Related to that, I think in the introductory comments, Margherita, you said we should expect the wholesale tailwind from 1&1 to continue. You also mentioned that the MDU headwind would have an impact. I just wanted to understand, are we now at the maximum MVNO revenues in this quarter for 1&1? Or will that continue to increase on a quarter-on-quarter basis as we get into Q4? Thirdly, are there any MDU revenues to fall out still? Because looking at the chart on the bottom left of slide 4, it looks like there was no real impact this quarter or last quarter. I had thought that all of those MDU headwinds were out of the business. Thanks.

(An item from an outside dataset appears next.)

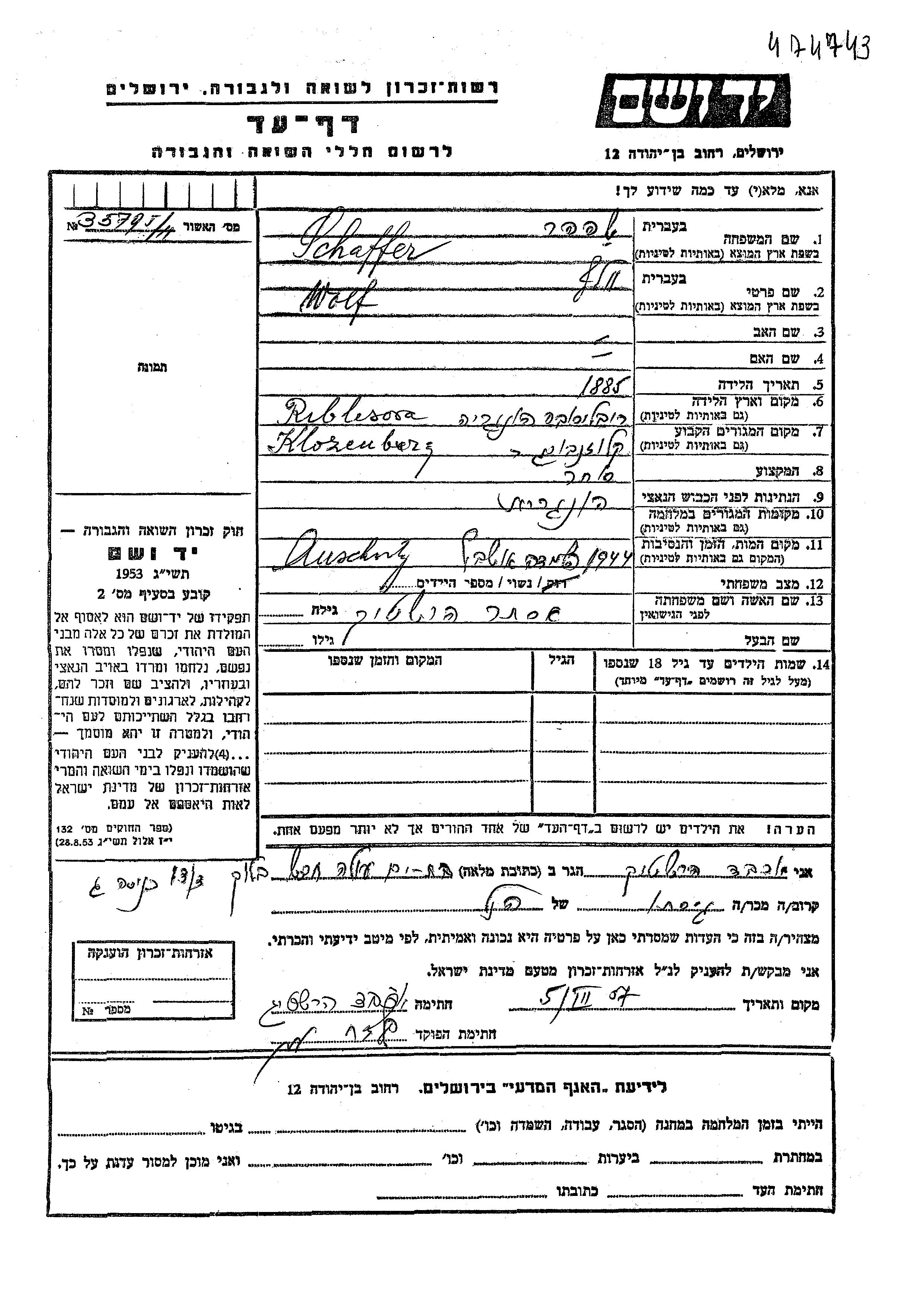 Wolf Schaffer est né à Ribriszora, Roumanie en 1885. Il était Commerçant/e et Mariée à Ester née Hershtik. Avant la seconde guerre mondiale il vivait à Klozenberg, Roumanie.
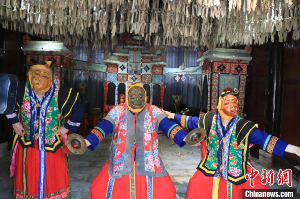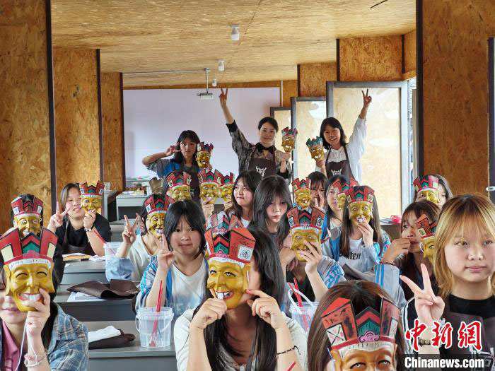 日前,40多名香港青少年到访贵州德江傩堂戏博物馆。锣鼓声下,头戴傩面具、身披红底碎花彩衣的傩戏师登台表演,他们时而呢喃哼唱、时而歌舞跳跃,似从远古穿越而来,让观者为之震撼。

Margherita Della Valle (CEO)

Thank you, Joshua. I think it's actually a simple answer because on MDUs, obviously, we have completed the transformation. And therefore, the new low impact is fully behind us. And then on 1&1, we are hitting run rate now, sorry, transfer completed in December. And so the EUR 0.1 billion of quarterly revenue run rate is achieved for now onwards. Now, this being said, obviously, as we go into a full year of revenues, obviously, this plus the fact that we have entirely lapped another wholesale element, which was the loss of Lyca, will be supportive to our trends next year. But maybe IR can help you with the full equation in more detail.

Joshua Mills (Executive Director of Sector Head, Telecoms Research)

Thanks.

Operator (participant)

Thank you very much. Our next question today comes from David Wright from Bank of America Merrill Lynch. David, please go ahead.

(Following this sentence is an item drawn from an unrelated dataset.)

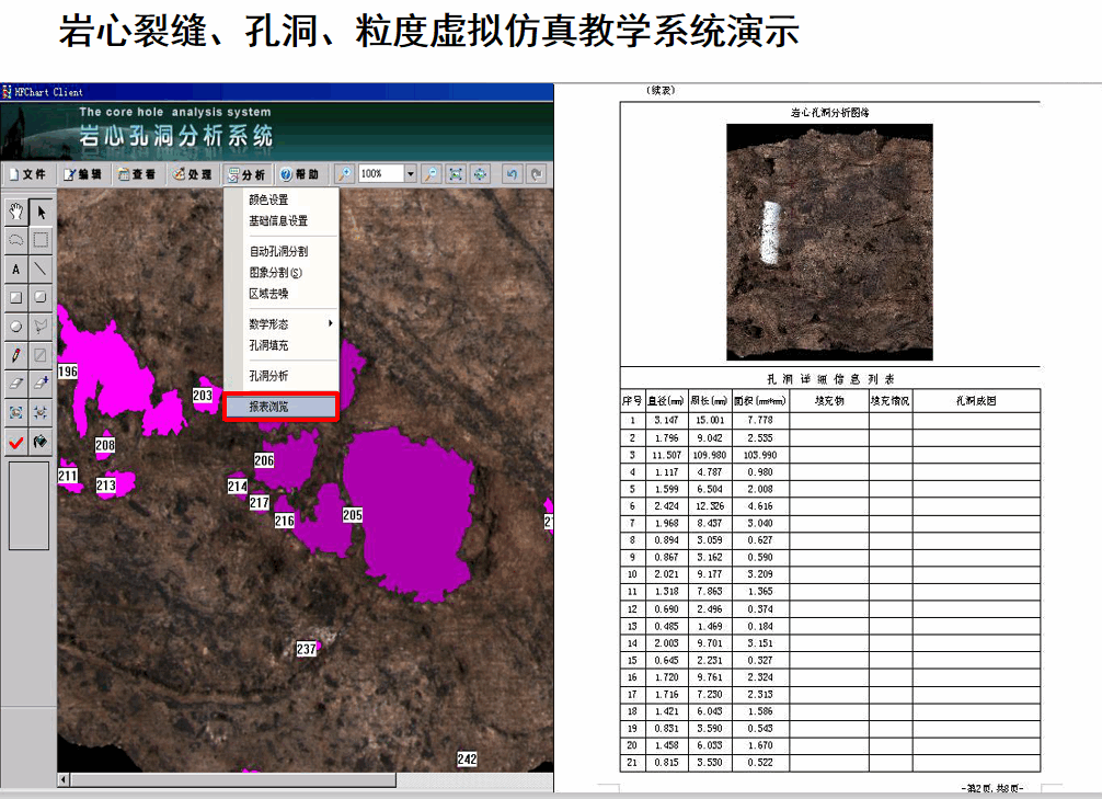 傳統(tǒng)實(shí)驗(yàn)由老師手持巖心實(shí)物、指導(dǎo)學(xué)生觀(guān)察、描述巖心。由于巖心實(shí)物匱乏,教學(xué)素材極其有限。通過(guò)虛擬仿真技術(shù),可以通過(guò)各大油田巖心庫(kù)收集國(guó)內(nèi)外巖心實(shí)物的數(shù)字圖像,結(jié)合計(jì)算機(jī)技術(shù)實(shí)現(xiàn)巖心孔洞、裂縫、粒度虛的擬仿真教學(xué)。通過(guò)數(shù)字圖像處理技術(shù)對(duì)巖心圖像進(jìn)行預(yù)處理,快速確定裂縫的邊界,達(dá)到巖心圖像處理和人機(jī)交互方式。研究巖心孔洞、裂縫、粒度圖像分析技術(shù),實(shí)現(xiàn)了自動(dòng)提取孔洞、裂縫、粒度目標(biāo),自動(dòng)統(tǒng)計(jì)計(jì)算相關(guān)參數(shù),并結(jié)合試驗(yàn)室常規(guī)物性測(cè)試和測(cè)井資料進(jìn)行參數(shù)分析評(píng)價(jià),從而解決了以往人工測(cè)定,測(cè)量數(shù)值存在較大誤差,而且費(fèi)工費(fèi)時(shí),轉(zhuǎn)化參數(shù)難度大等問(wèn)題,深化了對(duì)巖心這一地質(zhì)基礎(chǔ)資料的應(yīng)用,對(duì)于裂縫、孔洞型油氣藏的勘探與開(kāi)發(fā)具有重要意義。
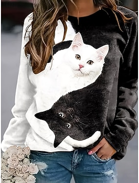 قميص نسائي بأكمام طويلة وياقة مستديرة تونك رسومي قطة حروف عتيق أنيق كلاسيكي دائري توب يومي مطبوع الأبيض الأسود الأسود الأبيض الوردي الأخضر ربيع خريف

David Wright (Head of European Telecoms Equity Research)

Yes. I hope you guys can hear me. So my question, it's on Germany again, but a little more strategically. We can see the value now and support that the Heinz-Neiss deal has given. And it's a very margin-rich wholesale revenue stream. There's obviously a lot of debate in the market around Telefónica's M&A ambitions. And one obvious route for them would be to try and regain control of the asset.

I know in the past, you have pushed back a little on your sort of need to compete in such a scenario. But could you just talk to us about how you would consider the value of Heinz-Neiss to Vodafone as opposed to the value of maybe market repair? And obviously, you do have a lot of balance sheet headroom right now. You're giving EUR 2 billion back to shareholders in buyback. This is obviously a critical asset for you guys. I'm just interested in how you think about that trade-off if we saw the headline offer from TEF today? Thanks.

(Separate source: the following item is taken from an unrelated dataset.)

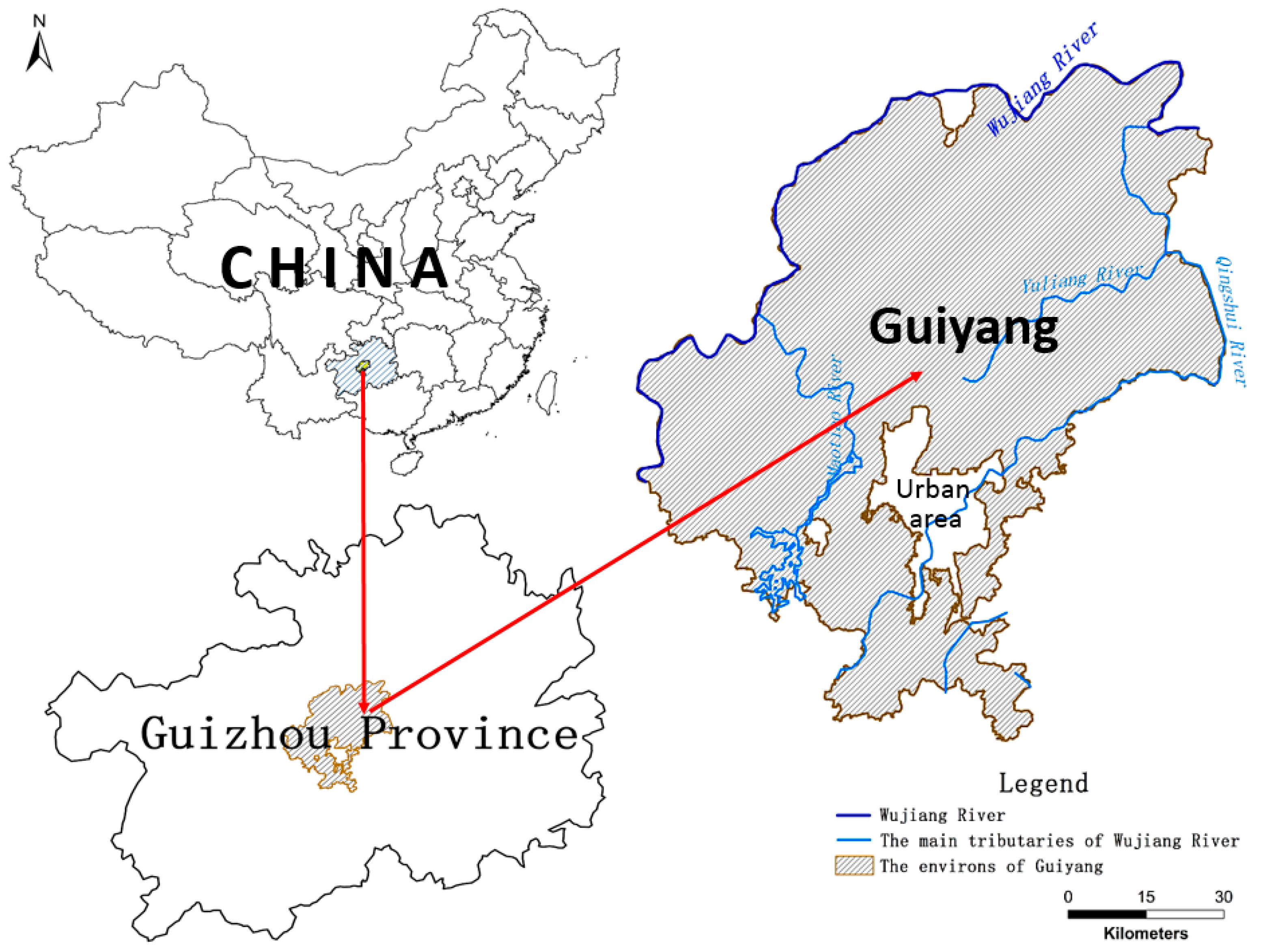 Guiyang as the provincial capital of Guizhou province, is located at 26°11′–27°22′ N, 106°07′–107°17′ E, which is in the central of Guizhou province and on the eastern slope of the Yunnan–Guizhou plateau, China. Guiyang covers an area of 8034 km2, of which 85% comprises karst landforms [43]. Guiyang is situated in a subtropical humid monsoon climate zone, where less than approximately 1/10 of the local land area is used as typical rain-fed agricultural farmland. The selected study area (about 7495 km2) is the environs of Guiyang (Figure 2), which lies at the heart of karst landforms in China. Because of the deforestation history, the planted forest occupied the main area of local forestland which was about 704 km2, and the grassland was about 153 km2 [44]. The karst coverage ratio exceeds 80% (Gao et al., 2016) [45], and about 37% of local area is affected by soil erosion—the soil layer has become increasingly thin and stony [27,46].

Margherita Della Valle (CEO)

Thank you, David. As you know, generally speaking, we don't particularly like to speculate on hypotheticals. But certainly, you raised the point on if consolidation was happening in this direction, how would you see it? And to that, I would respond that, first of all, I think it's important to keep in mind a little bit the history of the National Roaming Agreement. Just to reframe the timelines, we agreed to move the National Roaming Agreements from Telefónica to us in the summer of 2023.

It then took a good 12 months, as you might remember, to transform this agreement into a full-blown contract. And after that, well, we completed the migration effectively in December. So it took two and a half years from decision to full migration. So what if consolidation was happening in a direction that would bring the National Roaming Agreement outside of our perimeter?

Well, the way to think about it from our perspective is on a midterm. Again, timing is relevant. From a midterm perspective, there would be, of course, a risk on those revenues. By the way, keep in mind those revenues would not anyway remain exactly at the same level as today as 1&1 progresses its network build. But there would be a risk to those networks. The risk, as you mentioned, should be seen in conjunction with the conditions of the consolidation. Again, incredibly difficult to speculate today. But in any consolidation play, there are some changes. Those changes affect market dynamics. There is always a range of puts and takes that we would have to consider if that hypothetical in the midterm was playing out. That's as far as I can speculate with you today.

Robert Grindle (Managing Director and Head of European TMT Reseach)

I appreciate that answer, Margherita. Thank you.

Margherita Della Valle (CEO)

Thank you.

Operator (participant)

Thank you very much. Our next question today comes from Paul Sidney from Berenberg. Paul, please go ahead.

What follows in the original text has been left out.